Governments seem to have given up the struggle and are, in some cases, wilfuly enabling the predatory practices by knowlingly abandoning critical regulations that at least make some attempt to check the rampant corruption. And every once in a great while it blows up in everyone's faces, like SNC Lavalin, because one principled person, recognizing the pattern of an egregious abuse of power, plants a stake and says, no more.
NO is a very useful word, but rarely used against the infantile bullies who really need it. Too many people use NO to perpetrate laziness, criminal behaviour, to persecute the powerless people of the earth.
Just how long will humanity continue to misuse NO! eh?
Ho blithely they steal from the public, nowadays. It's breathtaking! And sickening. Any lawyers out there looking for a class action gig?
From my reading of the article, the money is effectively gone.

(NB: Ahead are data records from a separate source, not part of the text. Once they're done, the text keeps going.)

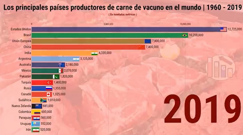 Um vídeo postado no canal Entre barras, gráficos y mapas mostra a evolução dos países na produção de carne bovina.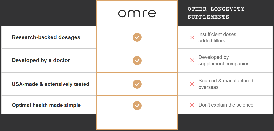 At OMRE, we’re cutting through the noise with trusted medical expertise - delivering a daily longevity boost that is: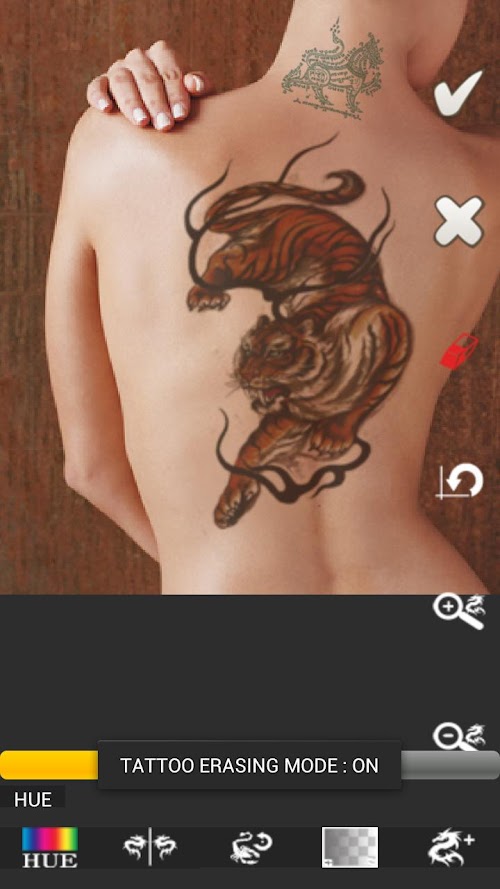 - Design your own tattoo by yourself. Choose tattoo, scale up/down the tattoo, make it translucent, rotate/flip and drag it to anywhere in the picture that you see fit.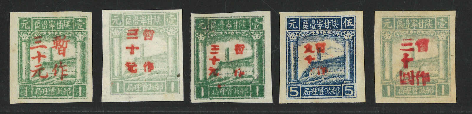 1947年陝甘寧邊區延安寶塔第一版改值票新全(楊目NW9-14),無貼。(Image 1) (Image 2)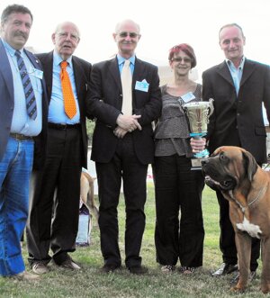Oltre a queste soddisfazioni, comunque, ci son altri due magnifici ed EVENTI UNICI, che hanno distinto il 2012 per la sua importanza: il primo di questi è il 3° PODIO del mio SHIN al RADUNO del Club Italiano del Molosso (C.I.M.) nel BEST IN SHOW FINALE (vedi foto con i giudici); è la prima volta da quando il tosa è in Italia, che un soggetto di razza Tosa si classifica nei primi 3 al raduno nazionale del C.I.M.!!!

Some producers got overpaid and some consumers were overcharged.
Is it possible that Friedman’s ‘market’ concept has become an Adler’s hammer?
Especially for something as contrived and nebulous as an energy market?
Perhaps sounds more like a great big ongoing science experiment with Ontario ratepayers as unwilling participants.
It's "effectively gone" as long as the OEB, i.e. the regulator ostensibly acting in the public interest, doesn't care to investigate. Yet another case of "regulatory capture" by industry? Sure smell like it from here.
It's the Golden Age for industry. Whether financial or utilities or anything else. The cost of possibly paying a fine is figured into the algorithm and eventually passed onto the consumer anyway.
If Doug Ford's government actually wants to improve life in Ontario, reforming the electrical management system would be top of the list. "Errors" like this should be unthinkable but are not only thinkable but probable, and difficult to detect with our bloated system today. A modern system would have customers pay for what electricity actually costs, so customers would be incented to locate where costs are low. And a modern system would see much more use of renewable sources a and microgrids, because there real costs are going down while costs of massive centralized generators are going up. Our present management system can't recognize these truths.
I know! Let professional lobbyists who represent monolithic corporations advise willingly ignorant pols on the best way to protect consumer interests! What could go wrong?